==== INPUT RECORDS

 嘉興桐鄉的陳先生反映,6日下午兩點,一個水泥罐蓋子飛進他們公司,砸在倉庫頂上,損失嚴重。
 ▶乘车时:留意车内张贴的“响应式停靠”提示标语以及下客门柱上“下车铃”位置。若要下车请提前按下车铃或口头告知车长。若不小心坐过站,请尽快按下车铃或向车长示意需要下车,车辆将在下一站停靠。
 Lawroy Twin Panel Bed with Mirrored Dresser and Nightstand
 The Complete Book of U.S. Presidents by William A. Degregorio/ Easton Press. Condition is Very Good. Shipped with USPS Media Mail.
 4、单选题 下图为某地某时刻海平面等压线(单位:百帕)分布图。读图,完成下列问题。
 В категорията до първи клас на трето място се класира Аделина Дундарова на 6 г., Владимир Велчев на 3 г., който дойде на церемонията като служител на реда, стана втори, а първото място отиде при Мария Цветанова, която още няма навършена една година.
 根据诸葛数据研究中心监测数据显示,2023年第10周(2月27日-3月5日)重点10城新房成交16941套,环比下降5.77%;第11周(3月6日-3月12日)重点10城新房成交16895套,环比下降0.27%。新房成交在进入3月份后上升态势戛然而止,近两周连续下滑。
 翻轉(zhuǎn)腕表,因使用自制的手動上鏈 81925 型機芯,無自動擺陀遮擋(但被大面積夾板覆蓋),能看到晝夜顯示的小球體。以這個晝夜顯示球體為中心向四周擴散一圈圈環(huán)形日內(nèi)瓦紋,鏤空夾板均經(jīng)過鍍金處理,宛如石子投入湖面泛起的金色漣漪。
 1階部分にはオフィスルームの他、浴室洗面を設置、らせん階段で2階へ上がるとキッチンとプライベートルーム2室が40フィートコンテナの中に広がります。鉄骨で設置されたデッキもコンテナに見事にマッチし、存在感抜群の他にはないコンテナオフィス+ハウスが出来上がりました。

========

• **WHAT IS BEING ASKED**:
Return the lines from the line containing "Lawroy Twin Panel" to the end of the entries above, exactly as they appear and with no other output.

• **WRITTEN ANSWER**:
 Lawroy Twin Panel Bed with Mirrored Dresser and Nightstand
 The Complete Book of U.S. Presidents by William A. Degregorio/ Easton Press. Condition is Very Good. Shipped with USPS Media Mail.
 4、单选题 下图为某地某时刻海平面等压线(单位:百帕)分布图。读图,完成下列问题。
 В категорията до първи клас на трето място се класира Аделина Дундарова на 6 г., Владимир Велчев на 3 г., който дойде на церемонията като служител на реда, стана втори, а първото място отиде при Мария Цветанова, която още няма навършена една година.
 根据诸葛数据研究中心监测数据显示,2023年第10周(2月27日-3月5日)重点10城新房成交16941套,环比下降5.77%;第11周(3月6日-3月12日)重点10城新房成交16895套,环比下降0.27%。新房成交在进入3月份后上升态势戛然而止,近两周连续下滑。
 翻轉(zhuǎn)腕表,因使用自制的手動上鏈 81925 型機芯,無自動擺陀遮擋(但被大面積夾板覆蓋),能看到晝夜顯示的小球體。以這個晝夜顯示球體為中心向四周擴散一圈圈環(huán)形日內(nèi)瓦紋,鏤空夾板均經(jīng)過鍍金處理,宛如石子投入湖面泛起的金色漣漪。
 1階部分にはオフィスルームの他、浴室洗面を設置、らせん階段で2階へ上がるとキッチンとプライベートルーム2室が40フィートコンテナの中に広がります。鉄骨で設置されたデッキもコンテナに見事にマッチし、存在感抜群の他にはないコンテナオフィス+ハウスが出来上がりました。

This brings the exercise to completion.